Processor giant, Intel, has announced it will begin including a new numbering system in the branding of its processors to provide the retail market with greater clarity on the functionality of its products.

The three-digit numbering system, to be applied to all of Intel’s new processors, will differentiate both what brand family (such as Celeron or Pentium) the chip comes from and also what additional features it includes.

The 300 sequence of processors will be Celerons, any number starting with 5 (e.g. 500 series) will be Pentium 4 family and the Pentium-M (mobile) chip family will start with the number 7 (e.g. 700 series), Intel spokesperson, Dan Anderson, said.

A higher number in the second two digits of the number will indicate advancements in features within a chip family. For example, a 720 would have a higher front-side bus speed than a 715.

These second two numbers do not just indicate higher clock-speeds, but other aspects of performance such as front-side bus speed and cache, Anderson said.

The numbering system drew parallels with several other consumer technologies, he said.

Canon’s digital cameras for example, were named IXUS400 or IXUS450 – the branding and first digit might imply the same megapixels, while the second two digits indicated a different feature set.

“We have come up with this system to make it simpler for the consumer market,” Anderson said. “It will be a bit of a shift for the channel and the way it sells products, but we feel it is a clearer way of differentiating products.”

The new numbering system will be introduced in the second quarter (around May/June) with the launch of Intel’s Dothan chip family (the next generation of the Pentium-M processor, successor to Banias). It will then be featured on all upcoming Intel chip releases.

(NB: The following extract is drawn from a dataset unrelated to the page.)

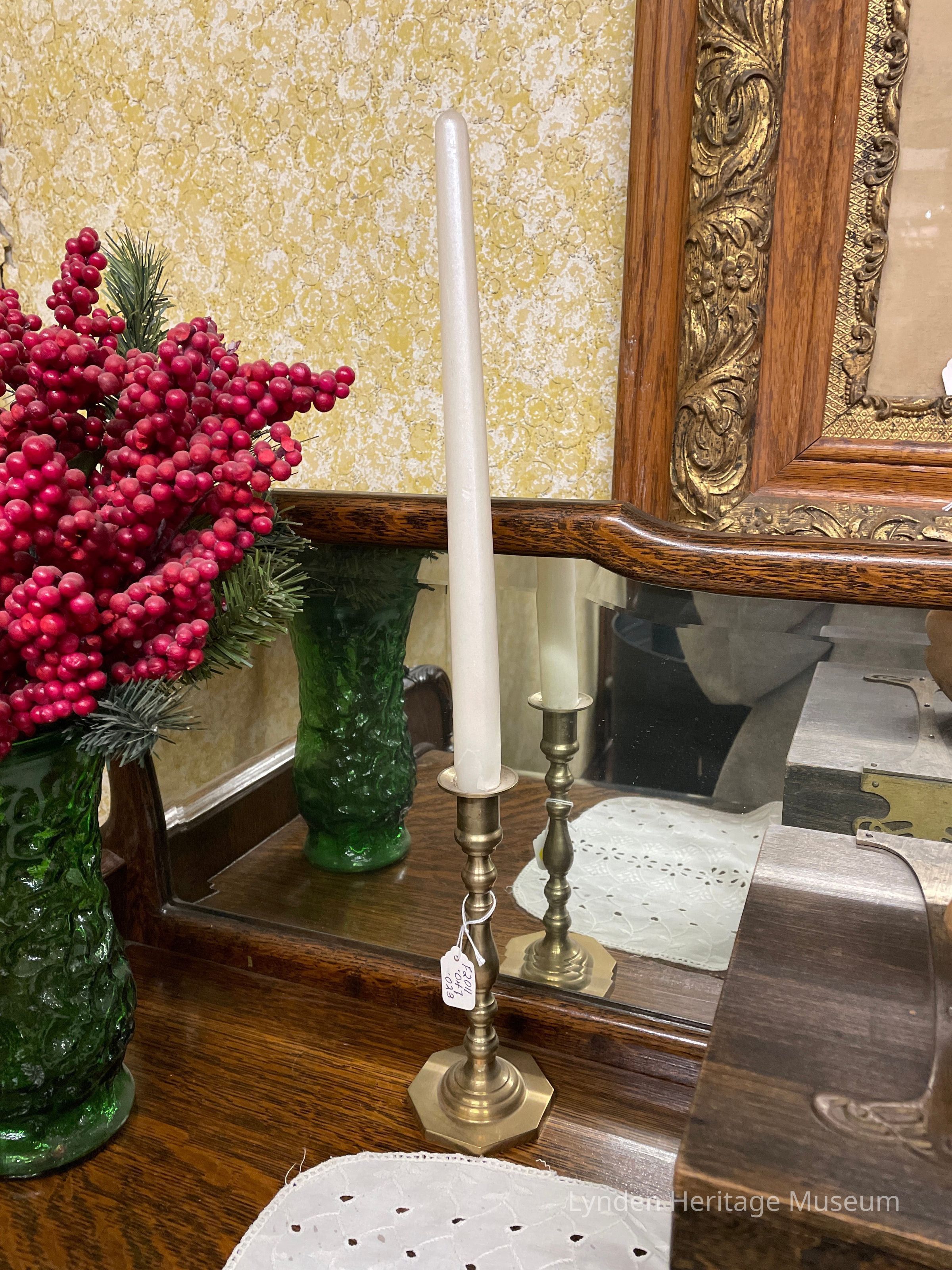 Gold candle stick w/ candle

For more than a year, Intel’s competitor AMD has been calling for an alternative to ranking processors on the basis of clock speed.

Last year AMD launched a marketing campaign called the True Performance Initiative to debunk what it calls the "megahertz myth", or the belief that a PC processor's clock speed was the most important determination of performance.

AMD claims that Intel has been misleading customers about performance by labelling its processors by their clock speed, and that its model number rating system for its processors more accurately portrays a processor's overall performance.

Anderson said the new numbering system had been an Intel-only initiative.